Эмоаура Кнышева благоухала, прямо лучилась добрым юмором, сильным любопытством и дружеским теплом и участием, а вся атмосфера нашей беседы живо напомнила мне мои студенческие годы.

— Мы действуем всегда и только так, при полной и осознанной личной ответственности! А как, и можно ли вообще, устроить всё по-другому, чтобы раса, давая отдельным своим личностям права, знания и все возможности для того, чтобы изменять судьбы иных разумных миров, не превратилась сама снова в стадо скотов?

— Значит, у тебя только на личном счету уже почти три десятка спасенных цивилизаций?

— То, что происходит — всего лишь обучение и ускорение взросления разумных рас-младенцев.

Кнышев: Ну, хоть мы и варвары, но скромность у нас тоже ценится. Дай твои пять, вернее, шесть! — и он протянул мне раскрытую ладонь, универсальный жест всех гуманоидов, принятый также и у землян. Мы скрепили нашу дружбу рукопожатием, и при этом он сказал: А знаешь, мой зеленоволосый друг с Альтаира! Ведь все может получиться! Обязательно получится! — и крикнул — Федор! Иди сюда!

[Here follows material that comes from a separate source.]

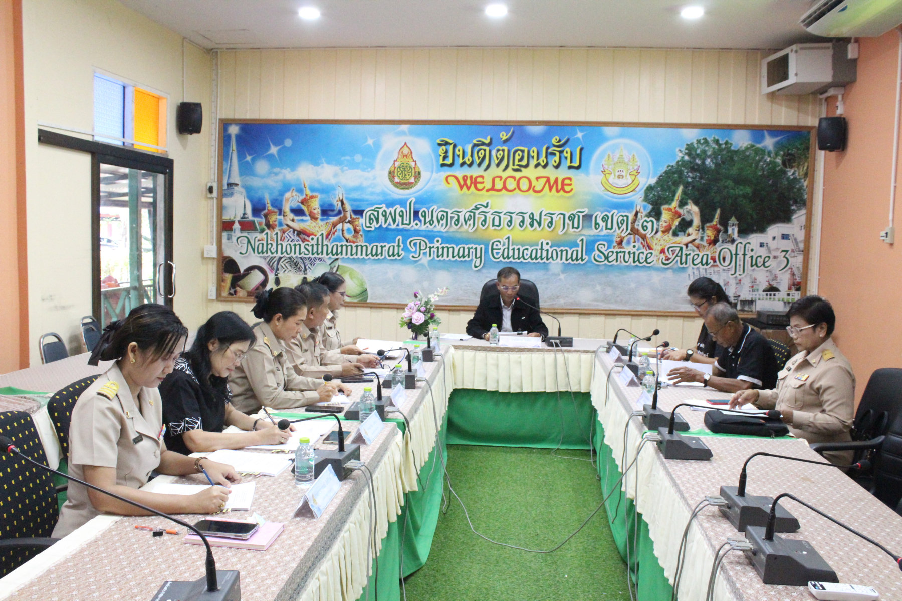 วันจันทร์ที่ 10 พฤศจิกายน 2568 นายพิพัฒน์ แสนโสม ผู้อำนวยการสำนักงานเขตพื้นที่การศึกษาประถมศึกษานครศรีธรรมราช เขต 3 มอบหมายให้ นายโสภาส โอพริก รองผู้อำนวยการสำนักงานเขตพื้นที่การศึกษาประถมศึกษานครศรีธรรมราช เขต 3 เป็นประธานประชุมคณะกรรมการรับนักเรียนระดับเขตพื้นที่การศึกษาของสำนักงานเขตพื้นที่การศึกษาประถมศึกษานครศรีธรรมราชเขต 3 สังกัดสำนักงานคณะกรรมการการศึกษาขั้นพื้นฐาน ปีการศึกษา 2569 (ครั้งที่ 1/2568) ณ ห้องประชุมปะการัง สำนักงานเขตพื้นที่การศึกษาประถมศึกษานครศรีธรรมราช เขต 3
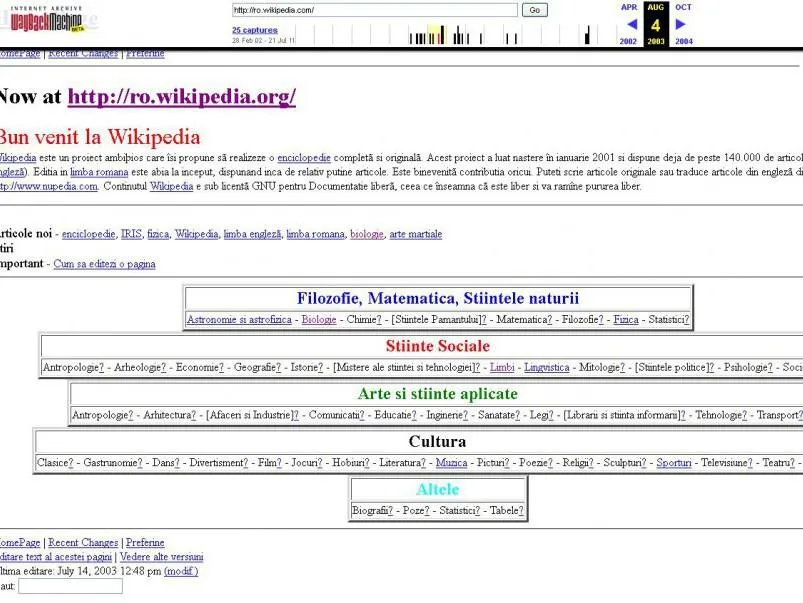 19 iunie 2003 - A fost lansată versiunea localizată a Wikipedia în limba română, contribuind la accesul larg la informație și la educația publicului românesc.

…Пока Кнышев дезомбировал Федю, давая ему чёткие разъяснения, задавая очень точные вопросы, поистине виртуозно возбуждая при этом нужные струны Фединой души, делая все это как-то неожиданно легко и непринужденно, я думал — а может, мне и вообще не надо больше никаких других людей искать?

Из телепередач землян я прекрасно представлял себе, на что хватает способностей среднего земного человека. Передо мной волею, как я тогда думал, случая, сразу оказались уж точно не худшие, и даже далеко не средние представители человеческой расы! Один из них, будучи даже не совсем взрослым, в критический момент первого контакта фактически спас мою миссию, шедшую уже к явному провалу, сумев интуитивно понять ситуацию, сохранить доброту и необычное хладнокровие в условиях, когда «средний» земной подросток задал бы стрекача при первом взгляде на меня или, будь экземпляр посмелее, на всякий случай стукнул бы меня по башке чем-нибудь тяжелым, пока я был в отключке от вони.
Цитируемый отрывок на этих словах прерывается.